--- What the task requires ---
Leave out pictures; repeat exactly the lines from the "Elevate your space" line through the last of the data below.

--- Supplied information ---
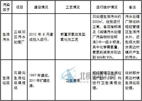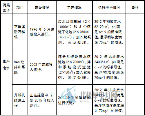 針對生產廢水、生活汙水、生活垃圾等三峽工程壩區的環境汙染源,主要采取的環境保護設施或措施見表5-1。
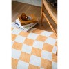 Elevate your space with this geometric and abstract mustard checkered rug, featuring a timeless yellow checkered pattern. The intricate arrangement of checkered and wavy shapes adds visual interest and sophistication to any room. An ideal choice for those seeking a versatile and practical addition to home decor.
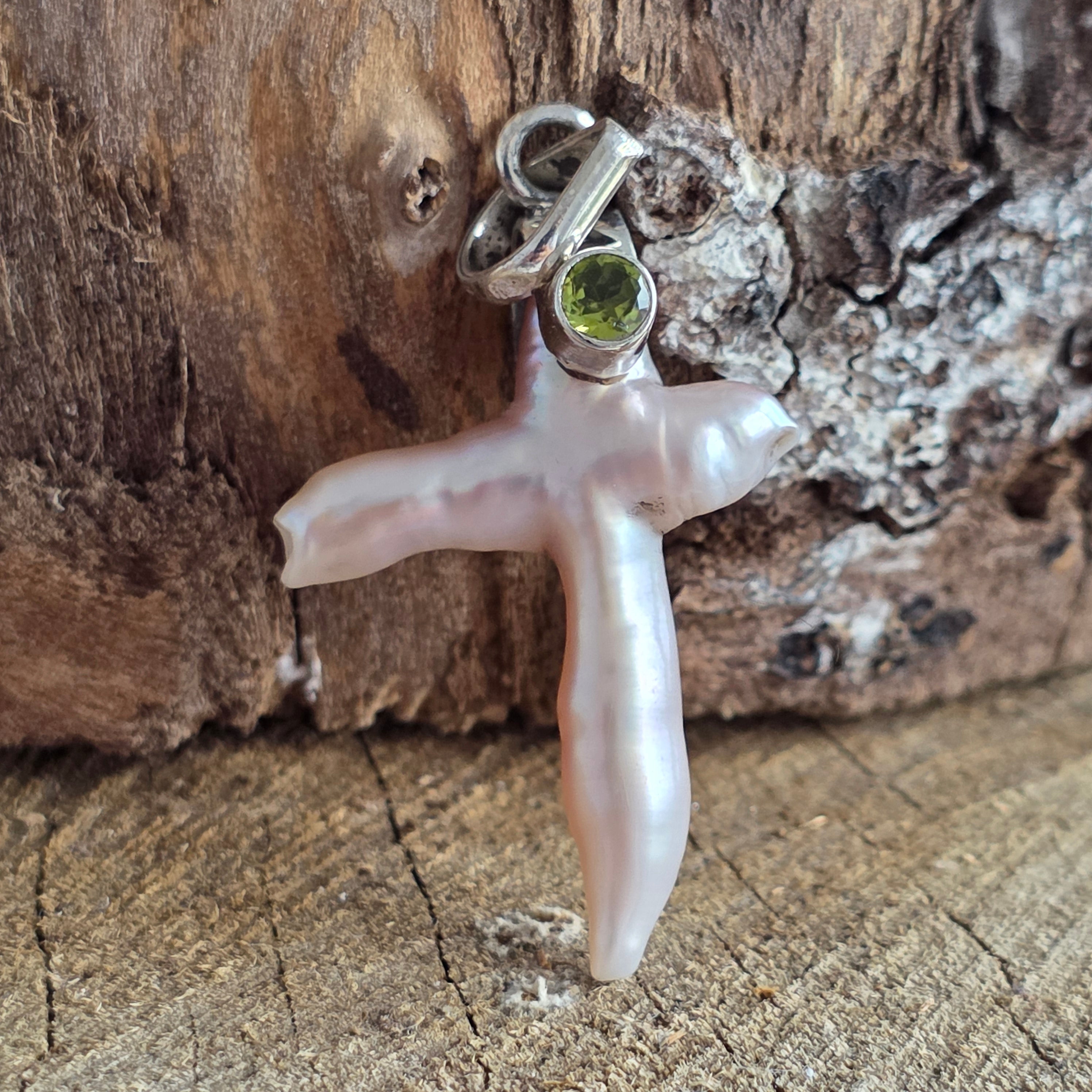 Ez az elegáns medál a természetes gyöngyház szabálytalan kereszt alakjában harmonikusan ötvözi a tenger szépségét a föld energiájával.
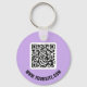 Custom QR code keychain. Custom background colour. Custom text on both sides.

--- Answer to this exercise ---
 Elevate your space with this geometric and abstract mustard checkered rug, featuring a timeless yellow checkered pattern. The intricate arrangement of checkered and wavy shapes adds visual interest and sophistication to any room. An ideal choice for those seeking a versatile and practical addition to home decor.
 Ez az elegáns medál a természetes gyöngyház szabálytalan kereszt alakjában harmonikusan ötvözi a tenger szépségét a föld energiájával.
 Custom QR code keychain. Custom background colour. Custom text on both sides.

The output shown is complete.